● **What you have to do**
After removing every image, reproduce the data exactly as it appears.
Start of Supplied information
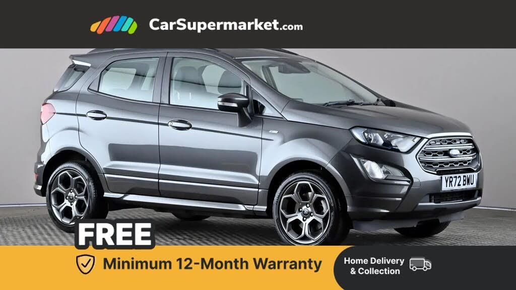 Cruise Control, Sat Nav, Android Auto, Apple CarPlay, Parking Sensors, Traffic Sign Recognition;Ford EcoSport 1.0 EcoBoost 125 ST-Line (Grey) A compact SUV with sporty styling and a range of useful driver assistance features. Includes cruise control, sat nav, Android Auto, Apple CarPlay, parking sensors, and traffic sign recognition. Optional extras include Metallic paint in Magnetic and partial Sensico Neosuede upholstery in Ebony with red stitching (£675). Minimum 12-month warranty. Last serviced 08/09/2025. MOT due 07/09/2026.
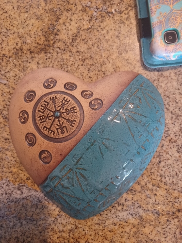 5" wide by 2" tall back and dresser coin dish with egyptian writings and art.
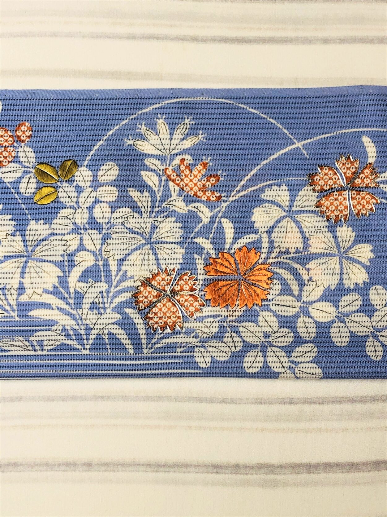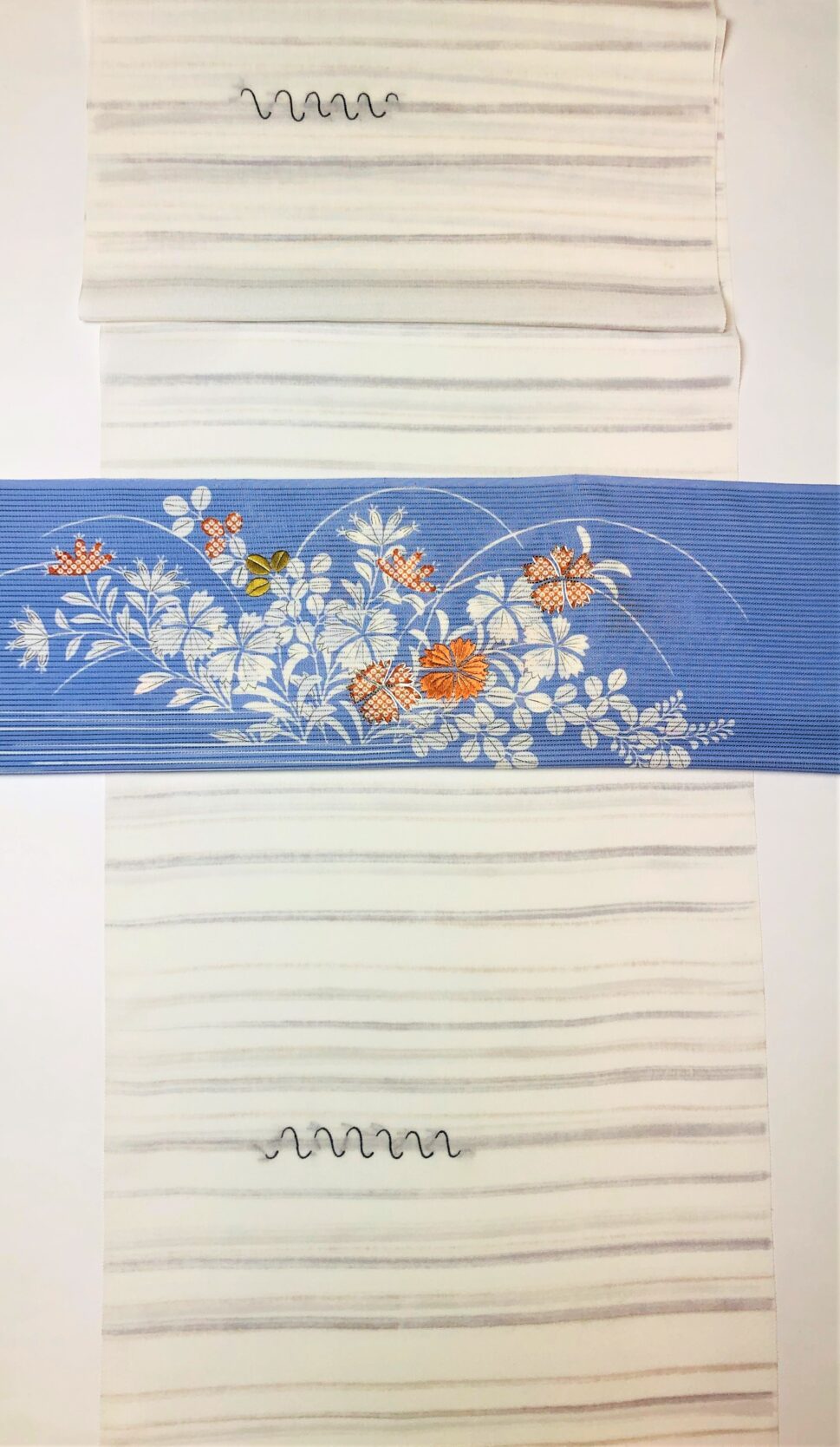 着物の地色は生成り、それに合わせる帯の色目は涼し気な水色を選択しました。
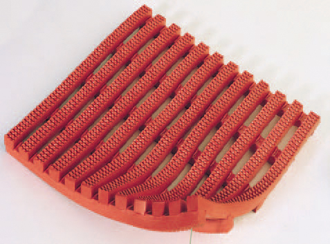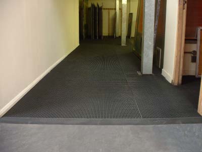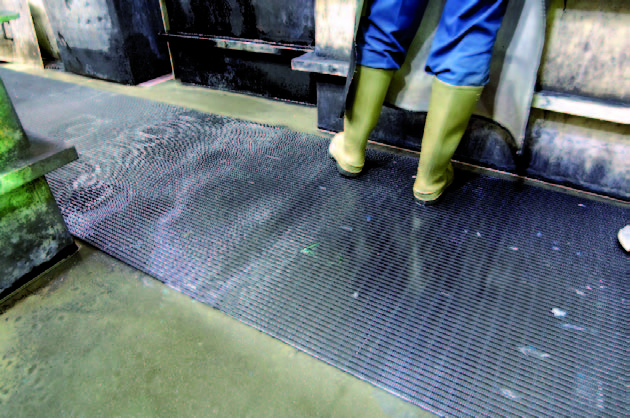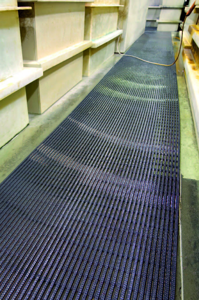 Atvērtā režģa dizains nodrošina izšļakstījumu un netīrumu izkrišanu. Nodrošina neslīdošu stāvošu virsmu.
End of Supplied information
● **Task response**
 Cruise Control, Sat Nav, Android Auto, Apple CarPlay, Parking Sensors, Traffic Sign Recognition;Ford EcoSport 1.0 EcoBoost 125 ST-Line (Grey) A compact SUV with sporty styling and a range of useful driver assistance features. Includes cruise control, sat nav, Android Auto, Apple CarPlay, parking sensors, and traffic sign recognition. Optional extras include Metallic paint in Magnetic and partial Sensico Neosuede upholstery in Ebony with red stitching (£675). Minimum 12-month warranty. Last serviced 08/09/2025. MOT due 07/09/2026.
 5" wide by 2" tall back and dresser coin dish with egyptian writings and art.
 着物の地色は生成り、それに合わせる帯の色目は涼し気な水色を選択しました。
 Atvērtā režģa dizains nodrošina izšļakstījumu un netīrumu izkrišanu. Nodrošina neslīdošu stāvošu virsmu.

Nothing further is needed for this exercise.